Specifically, according to the difference between the actual delay time length and the theoretical delay time length of the audio frame from the source end to the destination end in the set time period, the variance or standard deviation between the actual delay time length and the theoretical delay time length can be calculated and used as the audio transmission jitter parameter. Alternatively, the average value of the difference between the actual delay time length and the theoretical delay time length of the audio frame from the source end to the destination end in the set time period can be calculated as the audio transmission jitter parameter.

In other embodiments, the actual delay time of the audio frame from the source end to the destination end is ideally fixed, and the variation degree between the actual delay time can reflect the jitter condition of the audio transmission.

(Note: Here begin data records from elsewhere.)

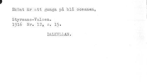 //// Skönt är att gunga på blå oceanen, //// i //// Styrmans-Valsen. //// 1916 Nr. 12, s. 15. //// DALKULLAN. ////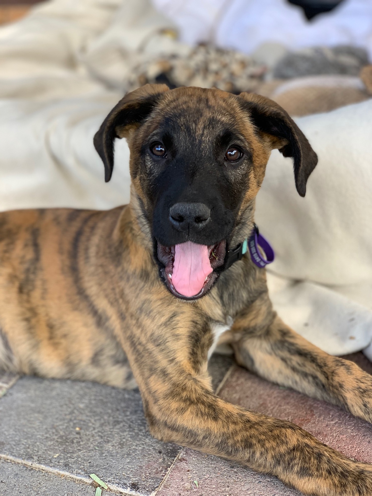 I am a Great Dane x Mastiff mix who is nearly 5 months old.
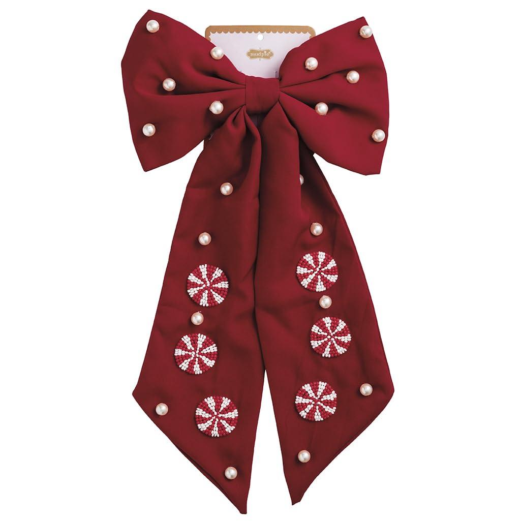 Mud Pie Women’s Holiday Hair Bow, RED, 13″ x 6 1/2″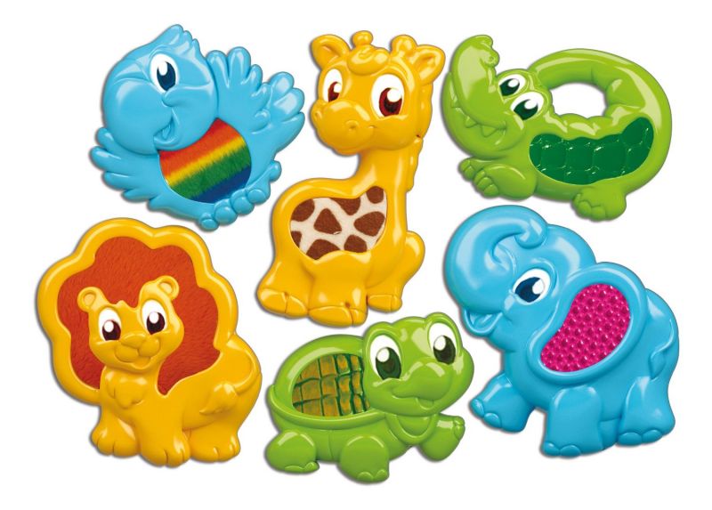 Diese niedlichen Tiere fördern dank ihrer unterschiedlichen Oberflächen und Materialien die sensorische Entwicklung der Babies.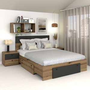 Pat matrimonial PRIMAVERA 160×200, Oak, Catifea Neagra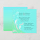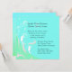 Elégante plage thème personnalisé invitation de mariage faite en aquamarine et vert menthe. Des graphiques de deux chevaux de mer blancs, des bulles d'eau et des fleurs, faits en blanc, décorent le coin inférieur gauche de l'invitation. Le texte en noir est entièrement personnalisable et prêt à être personnalisé, pour votre journée spéciale. Idéal pour les mariages à destination de la plage.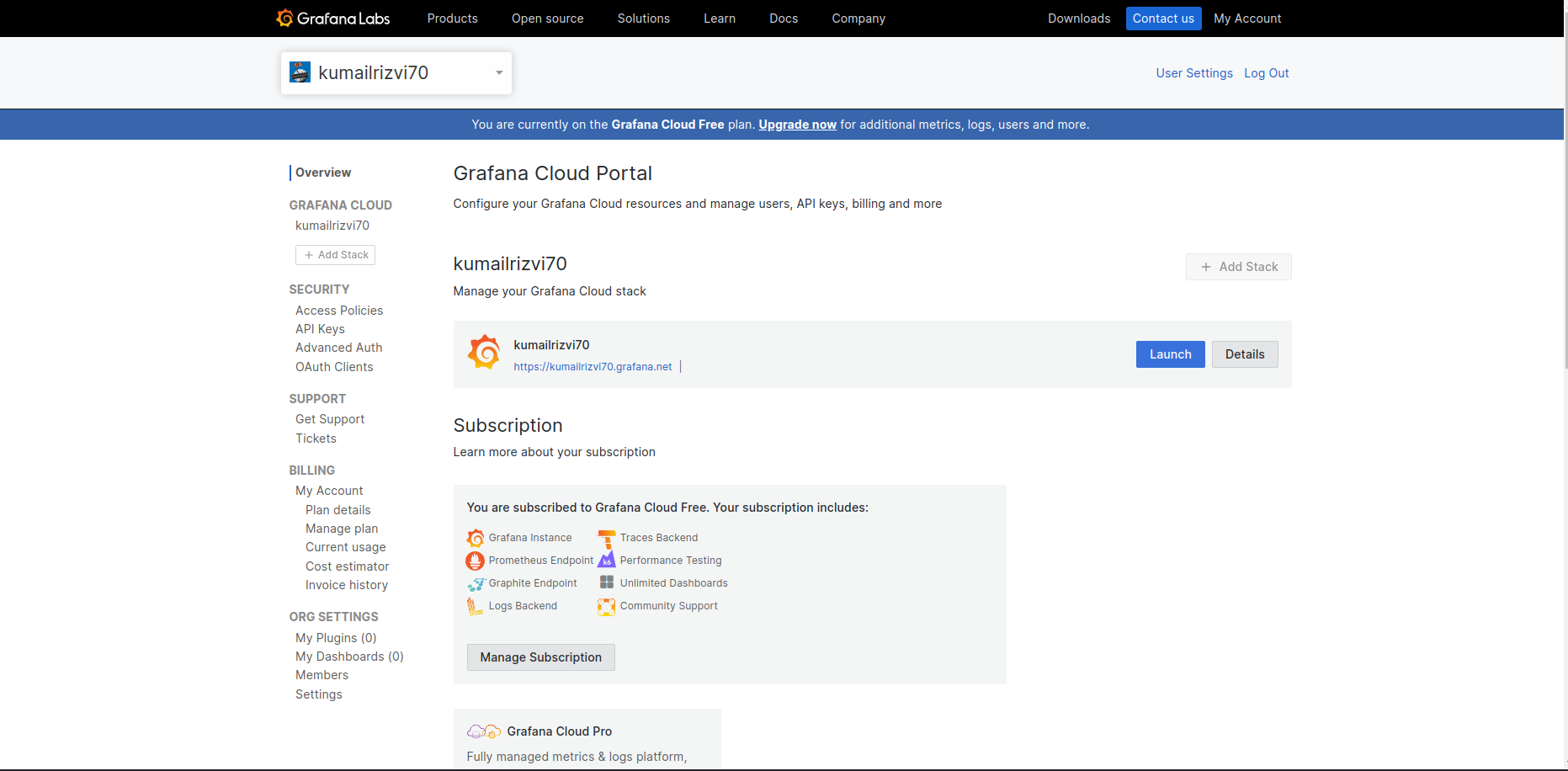 Step-2: Sign Up for Grafana Cloud

Based on the method, the average value of the actual delay time length of the audio frame from the source end to the destination end in the set time period can be calculated; and calculating the mean square error between the actual delay time lengths of the audio frames from the source end to the destination end as the audio transmission jitter parameter according to the actual delay time lengths of the audio frames from the source end to the destination end and the average value of the actual delay time lengths in the set time period.

The specific embodiments for determining the audio transmission jitter parameters according to the actual delay time of the audio frame from the source end to the destination end in the set time period are only exemplary and not limited.

Because the audio scheduling jitter parameter of the destination terminal is also one of the main parameters of the audio quality parameter of the destination terminal, the audio scheduling jitter parameter of the destination terminal can be determined according to the callback time interval of the destination terminal for callback of the audio frame from the audio buffer in the set time period.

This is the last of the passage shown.